The Nanovex-EViso column allows quick and economical exosome purifications. The Nanovex-EViso columns are shipped containing ultrapure water/ethanol (20% v/v ethanol) as a preservative.
|Sample Volume||Up to 0.1 ml|
|Void Volume||3,0 ml|
|Eluent||20 mM PBS pH 7.00|
|Volume fraction recovered||1 ml|
- Shake the column and its contents gently several times, in order to resuspend the resin. Then, place the column upright and allow settling the resin bed.
- Carefully remove the storage solution from the top of the gel bed.
- Equilibrate the column by adding five gel bed volumes (50 ml) of 20 mM PBS pH 7.0.
- Carefully remove the buffer solution from the top of the gel bed.

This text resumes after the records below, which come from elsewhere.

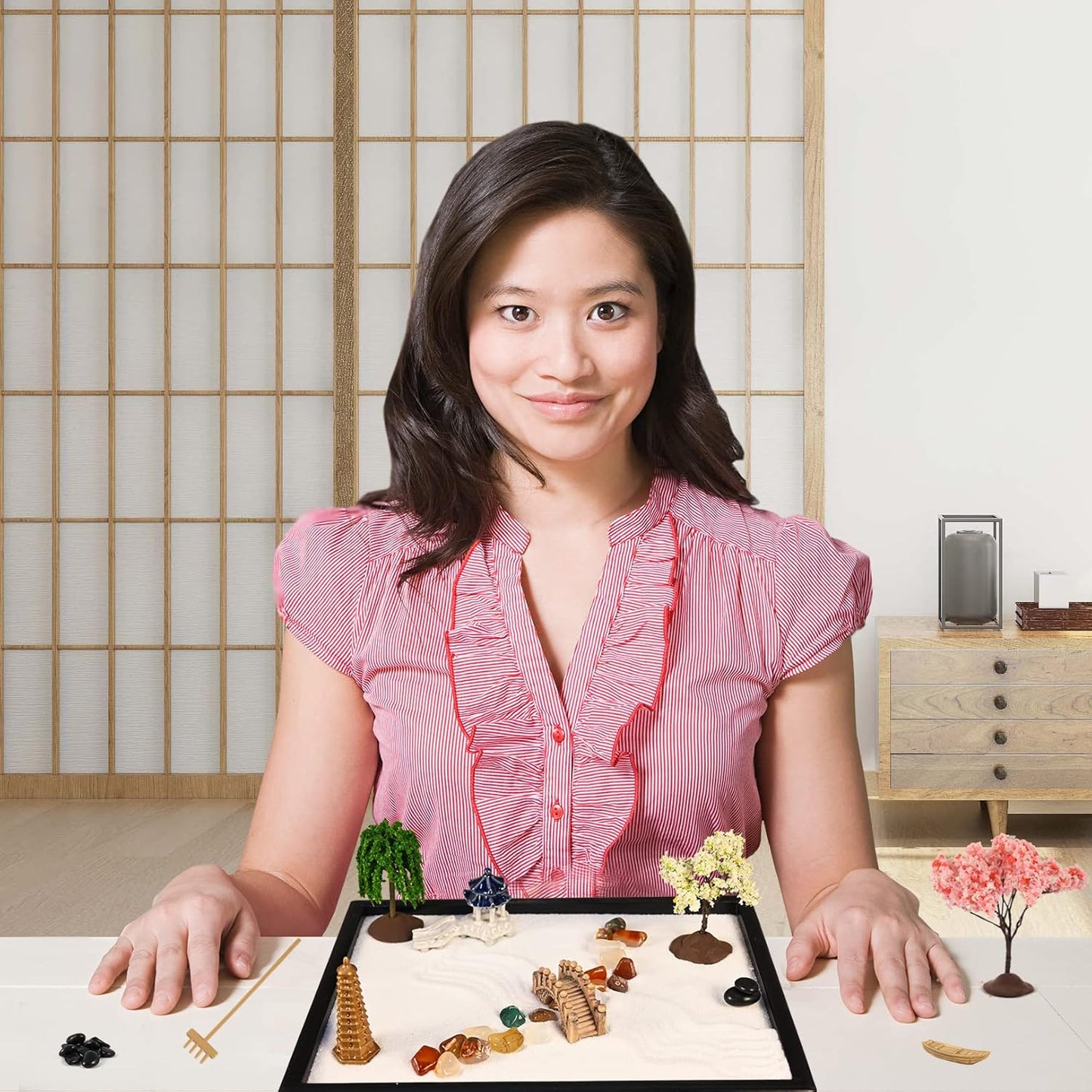 - Wonderful High-end Gift : treat yourself or bring peace and joy to a loved one. Japanese zen garden for desk; gorgeously packed with elements of inner peace. Delightful luxury zen gift set
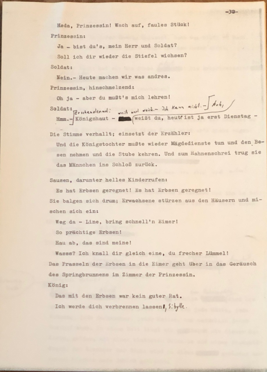FÜHMANN, Franz: Das Blaue Licht. Hörspiel für Erwachsene nach dem Märchen der Brüder Grimm. (Manuskriptfassung mit handschriftlichen Anmerkungen des Autors, zeitgenössische Kopie). Berlin/DDR. [1984]. (ca. 29,7 x 21 cm). 63 Blatt. Manuskript, maschinengeschrieben, mit zahlreichen handschriftlichen Anmerkungen. Zeitgenössische Kopie. Papier etwas gebräunt, sonst gut erhalten. Fühmanns Hörspiel „Das Blaue Licht“ wurde erst 1986 im Rundfunk der DDR gesendet, und erst 1988 ist es in einem Sammelband im Henschel Verlag erschienen. Hier handelt es sich um eine Manuskriptfassung Fühmanns aus dem Jahr 1984. Das maschinengeschriebene Manuskript enthält insgesamt 63 Blatt samt handschriftlichen Anmerkungen Fühmanns. Es handelt sich hierbei um Streichungen und handschriftliche Einfügungen und Alternativen, nahezu jede Seite weist diese auf. Die Seiten haben auch eine noch im Prozess stehende und daher abweichende Numerierung Fühmanns, die Seite 7 etwa gibt es mit 7a-7d gleich mehrfach. Das Manuskript liegt in einer zeitgenössischen Kopie vor. Diese Kopie übergab Fühmann kurz vor seinem Tod im Sommer 1984 zusammen mit anderen Papieren an eine ihm sehr verbundene Buchhändlerin in Westberlin, vermutlich als Sicherung seiner noch unpublizierten Texte für den bereits nahenden Fall seines Ablebens. Diese Buchhändlerin war Mitarbeiterin der für Franz Fühmanns Aktivitäten in Westberlin und der damaligen BRD sehr wichtigen Autorenbuchhandlung in Westberlin (Carmerstraße, Berlin-Charlottenburg). Die vorliegende Manuskript-Kopie, die über den später veröffentlichten Text durch ihr Offenlegen des vorgängigen Bearbeitungsprozesses durch den Autor hinausgeht, entstammt dem Nachlaß von jener Lieblingsbuchhändlerin Fühmanns.
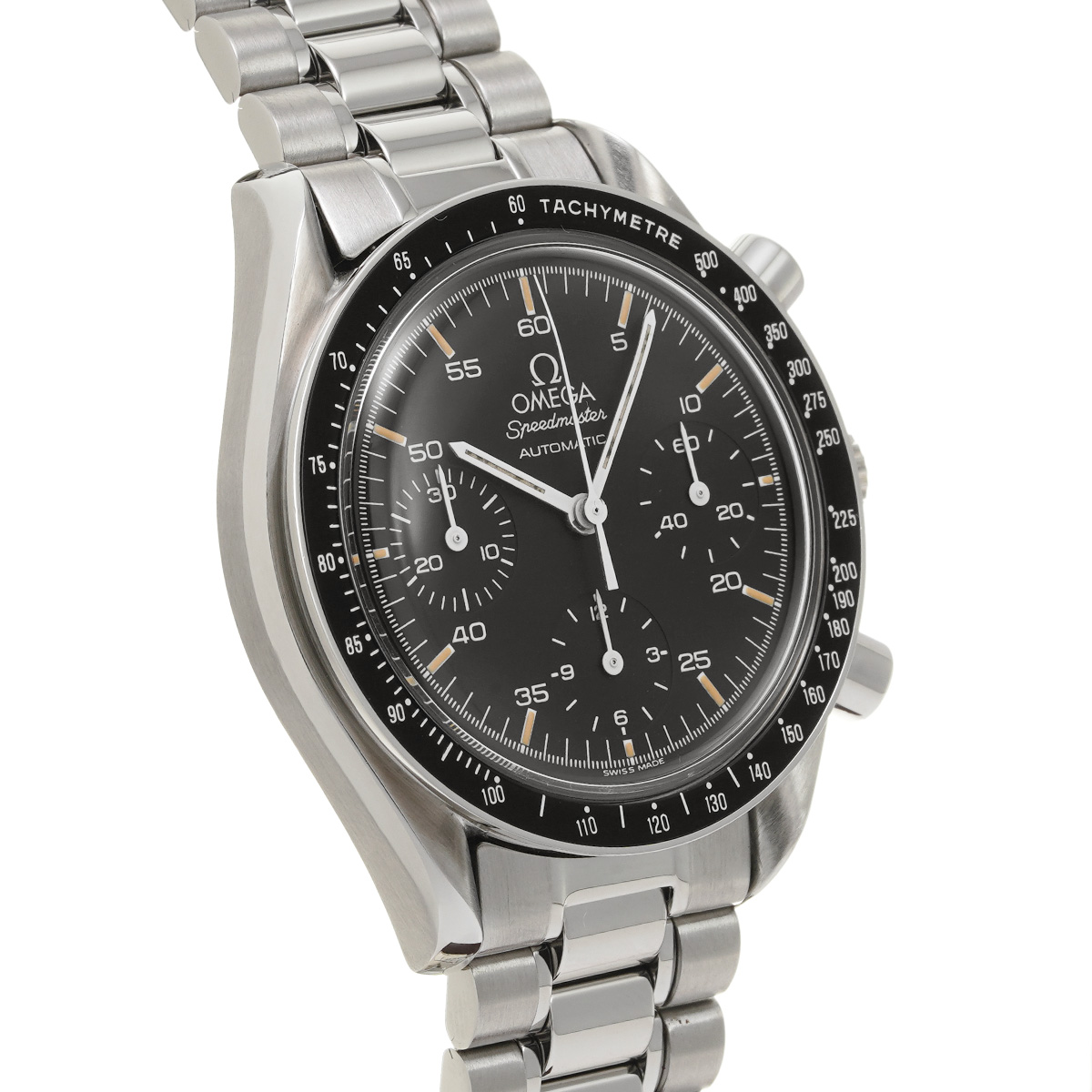 コメントこのスピードマスター リデュースドとも呼ばれるモデルは、オメガの代表的な時計であるスピードマスター プロフェッショナルのツールとして研ぎ澄まされた精悍さはそのままに、ケース径を39ミリに縮小して腕上での収まりを改善すると共に、自動巻きムーブメントの採用によって利便性を向上させることで、より多くの人々の日常に寄り添える時計を目指したものです。
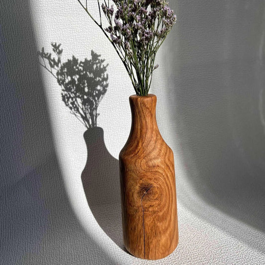 Wedelia. Le vase en forme de bouteille en bois de chêne rouge
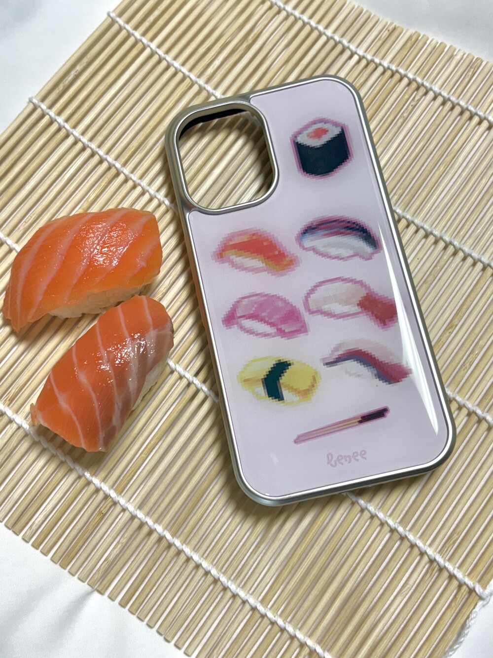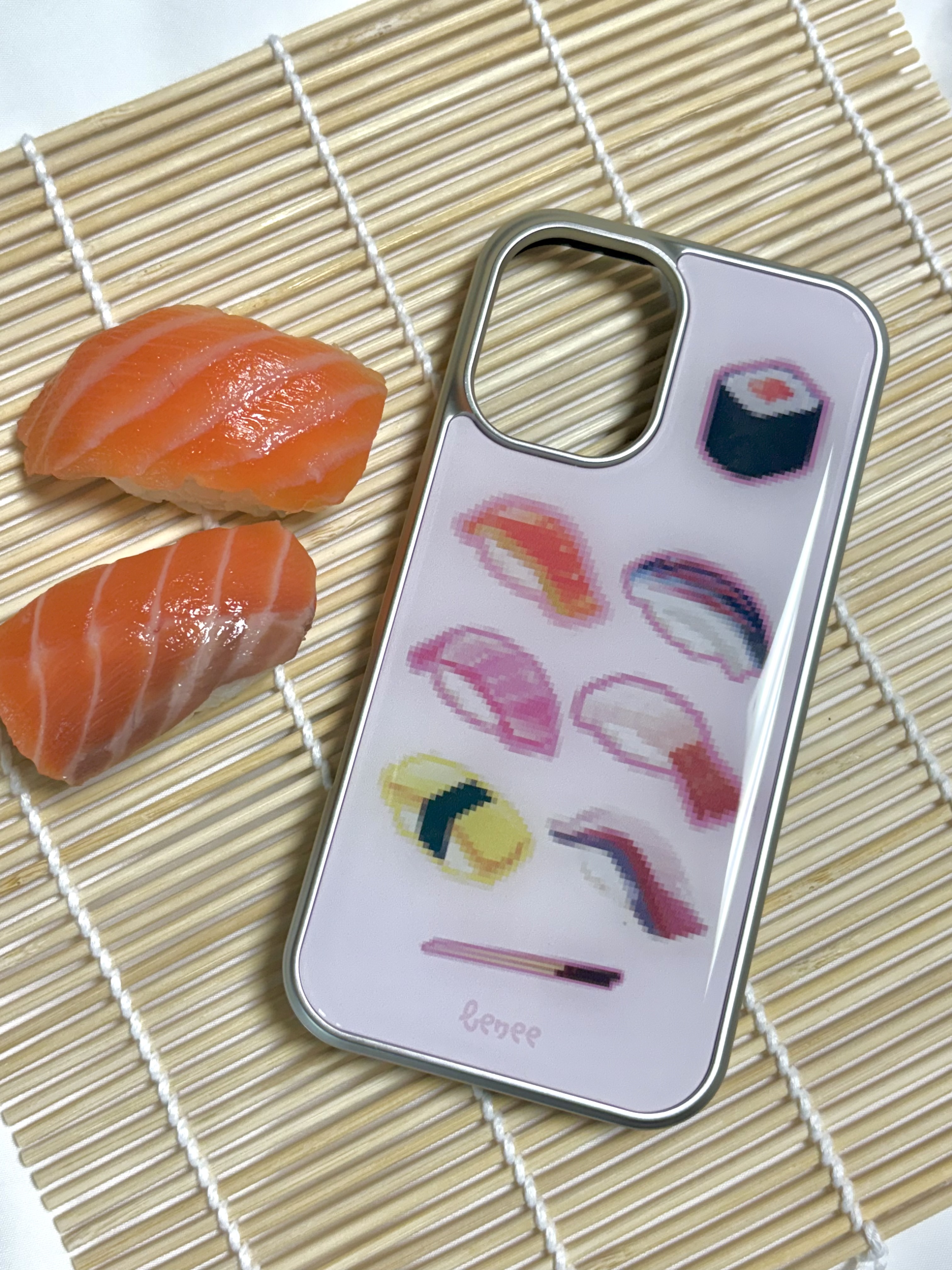 픽셀초밥 디자인의 실버 에폭시 범퍼 케이스 입니다,

- Add the desired sample volume to the top of the column and collect the same volume of eluent (fraction 1). After the sample has entered into the column and the first fraction of eluate has been collected, add a volume of 0.5 ml of the buffer solution, and simultaneously collect the same volume of eluent from the bottom of the column (0.5 ml fractions) as they emerge from the column.
- Repeat this step until the desired number of fractions has been collected.
- Then analyze the collected fractions with the appropriate detector and plot the recorded signal against fraction number.
Figure 1. Typical elution profile of Extracellular Vesicles separated from protein contaminants by EViso-Column.
Store in a cool and dry place and protected from the light.